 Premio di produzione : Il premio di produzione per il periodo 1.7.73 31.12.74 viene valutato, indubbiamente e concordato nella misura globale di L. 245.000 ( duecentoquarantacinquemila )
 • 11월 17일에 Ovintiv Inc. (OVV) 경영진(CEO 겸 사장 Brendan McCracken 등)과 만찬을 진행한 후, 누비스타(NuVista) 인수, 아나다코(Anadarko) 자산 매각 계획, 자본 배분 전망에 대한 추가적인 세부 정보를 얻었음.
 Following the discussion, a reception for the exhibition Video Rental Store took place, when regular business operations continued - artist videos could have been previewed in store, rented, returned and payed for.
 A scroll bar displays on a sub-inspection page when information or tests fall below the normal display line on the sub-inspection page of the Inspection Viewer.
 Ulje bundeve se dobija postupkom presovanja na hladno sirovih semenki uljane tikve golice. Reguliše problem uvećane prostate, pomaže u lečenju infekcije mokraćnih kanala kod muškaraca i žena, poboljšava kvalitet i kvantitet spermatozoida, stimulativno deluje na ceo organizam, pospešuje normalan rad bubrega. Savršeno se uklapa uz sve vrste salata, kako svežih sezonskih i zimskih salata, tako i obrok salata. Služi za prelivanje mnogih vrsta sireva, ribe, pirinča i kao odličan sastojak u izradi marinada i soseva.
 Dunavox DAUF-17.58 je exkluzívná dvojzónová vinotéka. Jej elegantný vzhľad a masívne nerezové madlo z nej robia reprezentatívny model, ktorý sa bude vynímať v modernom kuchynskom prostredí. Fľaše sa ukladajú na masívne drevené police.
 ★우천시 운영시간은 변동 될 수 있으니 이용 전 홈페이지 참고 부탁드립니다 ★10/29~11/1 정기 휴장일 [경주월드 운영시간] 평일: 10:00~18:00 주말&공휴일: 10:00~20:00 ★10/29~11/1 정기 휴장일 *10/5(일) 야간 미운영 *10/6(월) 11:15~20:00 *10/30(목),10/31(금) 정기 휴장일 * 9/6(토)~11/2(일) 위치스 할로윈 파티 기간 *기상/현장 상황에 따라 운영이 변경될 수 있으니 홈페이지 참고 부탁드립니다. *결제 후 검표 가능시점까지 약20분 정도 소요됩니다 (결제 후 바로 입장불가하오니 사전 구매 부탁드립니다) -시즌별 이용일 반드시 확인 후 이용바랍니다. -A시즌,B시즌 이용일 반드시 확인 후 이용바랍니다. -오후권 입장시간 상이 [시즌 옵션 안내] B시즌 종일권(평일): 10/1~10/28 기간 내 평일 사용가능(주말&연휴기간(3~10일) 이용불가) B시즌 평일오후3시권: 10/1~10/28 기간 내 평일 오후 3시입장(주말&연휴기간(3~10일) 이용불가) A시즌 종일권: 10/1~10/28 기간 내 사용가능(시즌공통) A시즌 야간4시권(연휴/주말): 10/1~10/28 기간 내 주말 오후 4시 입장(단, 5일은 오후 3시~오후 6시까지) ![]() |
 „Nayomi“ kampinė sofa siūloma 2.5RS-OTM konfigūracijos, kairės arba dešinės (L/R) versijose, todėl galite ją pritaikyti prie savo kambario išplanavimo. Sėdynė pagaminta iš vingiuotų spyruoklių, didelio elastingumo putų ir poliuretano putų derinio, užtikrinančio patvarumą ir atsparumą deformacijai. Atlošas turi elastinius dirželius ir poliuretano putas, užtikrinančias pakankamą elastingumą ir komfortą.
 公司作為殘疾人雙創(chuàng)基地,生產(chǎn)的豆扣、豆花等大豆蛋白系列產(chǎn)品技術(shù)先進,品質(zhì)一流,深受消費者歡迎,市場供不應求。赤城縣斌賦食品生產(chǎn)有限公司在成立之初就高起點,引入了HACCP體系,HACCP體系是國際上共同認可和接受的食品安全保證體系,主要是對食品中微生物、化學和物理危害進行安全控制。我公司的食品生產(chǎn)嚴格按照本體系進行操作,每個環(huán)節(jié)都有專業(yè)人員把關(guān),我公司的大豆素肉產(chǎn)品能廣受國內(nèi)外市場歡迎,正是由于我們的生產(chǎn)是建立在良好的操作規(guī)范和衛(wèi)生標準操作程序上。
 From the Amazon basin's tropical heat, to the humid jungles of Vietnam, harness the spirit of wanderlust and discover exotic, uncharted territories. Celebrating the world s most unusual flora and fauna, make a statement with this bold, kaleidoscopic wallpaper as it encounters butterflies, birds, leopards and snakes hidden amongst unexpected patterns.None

#### EXERCISE DETAILS:
Go through the entries above and reproduce each one exactly.

#### REPLY:
 Premio di produzione : Il premio di produzione per il periodo 1.7.73 31.12.74 viene valutato, indubbiamente e concordato nella misura globale di L. 245.000 ( duecentoquarantacinquemila )
 • 11월 17일에 Ovintiv Inc. (OVV) 경영진(CEO 겸 사장 Brendan McCracken 등)과 만찬을 진행한 후, 누비스타(NuVista) 인수, 아나다코(Anadarko) 자산 매각 계획, 자본 배분 전망에 대한 추가적인 세부 정보를 얻었음.
 Following the discussion, a reception for the exhibition Video Rental Store took place, when regular business operations continued - artist videos could have been previewed in store, rented, returned and payed for.
 A scroll bar displays on a sub-inspection page when information or tests fall below the normal display line on the sub-inspection page of the Inspection Viewer.
 Ulje bundeve se dobija postupkom presovanja na hladno sirovih semenki uljane tikve golice. Reguliše problem uvećane prostate, pomaže u lečenju infekcije mokraćnih kanala kod muškaraca i žena, poboljšava kvalitet i kvantitet spermatozoida, stimulativno deluje na ceo organizam, pospešuje normalan rad bubrega. Savršeno se uklapa uz sve vrste salata, kako svežih sezonskih i zimskih salata, tako i obrok salata. Služi za prelivanje mnogih vrsta sireva, ribe, pirinča i kao odličan sastojak u izradi marinada i soseva.
 Dunavox DAUF-17.58 je exkluzívná dvojzónová vinotéka. Jej elegantný vzhľad a masívne nerezové madlo z nej robia reprezentatívny model, ktorý sa bude vynímať v modernom kuchynskom prostredí. Fľaše sa ukladajú na masívne drevené police.
 ★우천시 운영시간은 변동 될 수 있으니 이용 전 홈페이지 참고 부탁드립니다 ★10/29~11/1 정기 휴장일 [경주월드 운영시간] 평일: 10:00~18:00 주말&공휴일: 10:00~20:00 ★10/29~11/1 정기 휴장일 *10/5(일) 야간 미운영 *10/6(월) 11:15~20:00 *10/30(목),10/31(금) 정기 휴장일 * 9/6(토)~11/2(일) 위치스 할로윈 파티 기간 *기상/현장 상황에 따라 운영이 변경될 수 있으니 홈페이지 참고 부탁드립니다. *결제 후 검표 가능시점까지 약20분 정도 소요됩니다 (결제 후 바로 입장불가하오니 사전 구매 부탁드립니다) -시즌별 이용일 반드시 확인 후 이용바랍니다. -A시즌,B시즌 이용일 반드시 확인 후 이용바랍니다. -오후권 입장시간 상이 [시즌 옵션 안내] B시즌 종일권(평일): 10/1~10/28 기간 내 평일 사용가능(주말&연휴기간(3~10일) 이용불가) B시즌 평일오후3시권: 10/1~10/28 기간 내 평일 오후 3시입장(주말&연휴기간(3~10일) 이용불가) A시즌 종일권: 10/1~10/28 기간 내 사용가능(시즌공통) A시즌 야간4시권(연휴/주말): 10/1~10/28 기간 내 주말 오후 4시 입장(단, 5일은 오후 3시~오후 6시까지) ![]() |
 „Nayomi“ kampinė sofa siūloma 2.5RS-OTM konfigūracijos, kairės arba dešinės (L/R) versijose, todėl galite ją pritaikyti prie savo kambario išplanavimo. Sėdynė pagaminta iš vingiuotų spyruoklių, didelio elastingumo putų ir poliuretano putų derinio, užtikrinančio patvarumą ir atsparumą deformacijai. Atlošas turi elastinius dirželius ir poliuretano putas, užtikrinančias pakankamą elastingumą ir komfortą.
 公司作為殘疾人雙創(chuàng)基地,生產(chǎn)的豆扣、豆花等大豆蛋白系列產(chǎn)品技術(shù)先進,品質(zhì)一流,深受消費者歡迎,市場供不應求。赤城縣斌賦食品生產(chǎn)有限公司在成立之初就高起點,引入了HACCP體系,HACCP體系是國際上共同認可和接受的食品安全保證體系,主要是對食品中微生物、化學和物理危害進行安全控制。我公司的食品生產(chǎn)嚴格按照本體系進行操作,每個環(huán)節(jié)都有專業(yè)人員把關(guān),我公司的大豆素肉產(chǎn)品能廣受國內(nèi)外市場歡迎,正是由于我們的生產(chǎn)是建立在良好的操作規(guī)范和衛(wèi)生標準操作程序上。
 From the Amazon basin's tropical heat, to the humid jungles of Vietnam, harness the spirit of wanderlust and discover exotic, uncharted territories. Celebrating the world s most unusual flora and fauna, make a statement with this bold, kaleidoscopic wallpaper as it encounters butterflies, birds, leopards and snakes hidden amongst unexpected patterns.None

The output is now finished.